Zahraa Hussein Mohsin: “Güçlü olduğumu biliyorum ve başarabileceğime inanıyorum.”
UN Women ve MUDEM tarafından yönetilen ve Japonya hükümetinin desteğiyle açılan İzmir Kadın Dayanışma Merkezinin yararlanıcılarından
Türkiye’ye 2015 yılında Irak’tan gelen ve İzmir’e yerleşen Zahraa Hussein Mohsin, “Geçici Koruma Altındaki Suriyeli Kadın ve Genç Kızların Sosyal ve Ekonomik İstikrarı ve Dayanıklılığının Güçlendirilmesi Projesi” kapsamında Birleşmiş Milletler Kadın Birimi (UN Women) ve Mülteci Destek Derneği (MUDEM) tarafından yönetilen ve Japonya hükümetinin desteğiyle açılan İzmir Kadın Dayanışma Merkezinin yararlanıcılarından. Merkezin sosyal yaşamına ve kişisel gelişimine önemli bir katkısı olduğunu söyleyen Zahraa, “Merkez bize güçlü olduğumuzu gösterdi. Artık güçlü olduğumu biliyorum, başarılı olabileceğime inanıyorum. Gastronomi okumak ve aşçı olmak istiyorum” diyor.

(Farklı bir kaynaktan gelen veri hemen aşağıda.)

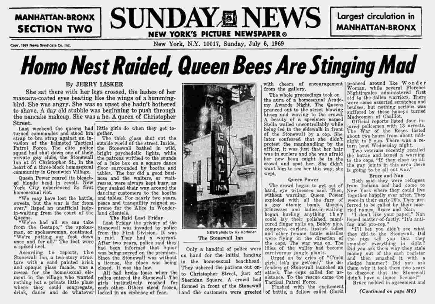 From June 28 to July 3, 1969, LGBT patrons of the Stonewall Inn and members of the local community took the unusual action of fighting back during a routine police raid at the bar.

“Ben Zahraa. 22 yaşındayım. Iraklıyım. Babam Irak’ta zor günler geçiriyordu, annem, ağabeyim ve beni Türkiye’ye gönderdi. 2015 yılında mülteci olarak Türkiye’ye geldim. Babam ise 2016 yılında Türkiye’ye geldi.
Aile olarak kalıtsal böbrek rahatsızlığımız var. Ablam böbrek yetmezliği dolayısıyla vefat etti. Ağabeyim ve ben böbrek hastasıyız. Abim 13 yıldır diyalize giriyor. Ben de 2018 yılında böbrek nakli oldum. Annem bana böbreğini verdi.
Böbrek nakli olmadan önce benim hayatım hep evde geçiyordu. Hiç dışarıya çıkmıyordum. Hiç arkadaşım yoktu. Nakilden önce hayatı hiç tanımıyordum.
Böbrek nakli olduktan sonra Türkiye’de açık öğretimde ortaokula başladım. Birçok sivil toplum kuruluşunda gönüllü olarak çalıştım. Türkçe kurslarına katıldım, temel fotoğrafçılık eğitimi aldım, aşçı çıraklığı kursuna katıldım. Aktif bir sosyal hayatım oldu, arkadaşlarım oldu: Nur, Rama ve Bedriye.
Kadın Dayanışma Merkezini bir arkadaşımdan duydum. Bilgisayar kursuna katılmaya başladım. Şu anda koronavirüs salgını sebebiyle kursa ara verdik ancak Eylül’de çalışmalarımıza devam edeceğiz. Merkezde birçok kişisel gelişim eğitimine katıldım. İletişim, toplumsal cinsiyet, problem çözme, zaman ve stres yönetimi, finansal okuryazarlık gibi programlar benim için çok faydalı oldu. Kendime güvenmeyi öğrendim, kendimi ifade etmeyi öğrendim. İzmir Kadın Dayanışma Merkezindeki ekip, tercümanlar ve psikolog bana çok yardımcı oluyor.
Ben hastalığımdan dolayı evde durmaya alışığım. COVID-19 salgının başlamasıyla evlerde vakit geçirmemiz benim için normal bir süreç oldu. Merkezin faaliyetlerine internet üzerinden katıldım. Dünya Mülteciler Gününde hep birlikte ‘Hayat Bayram Olsa’ şarkısını söyledik. Şarkı, UN Women Turkey sosyal medya hesaplarında paylaşıldı. Merkez evlerimize resim malzemeleri gönderdi. Babam ve ağabeyimle birlikte resim yaptık, birlikte saksı boyadık. Şimdi iş yaşamı ile ilgili online eğitimlere ve pilates derslerine katılacağım.
İzmir Kadın Dayanışma Merkezi sayesinde kendime daha çok güvenmeye başladım. Orada bize güçlü olduğumuzu hatırlatıyorlar. Bugüne kadar hiç kimse bana ‘sen güçlü bir kadınsın’ demedi. Artık güçlü olduğumu biliyorum, başarılı olabileceğime inanıyorum. Hayatta ben de varım diyebiliyorum. Okulumu bitirmek, üniversitede gastronomi okumak ve aşçı olmak istiyorum.”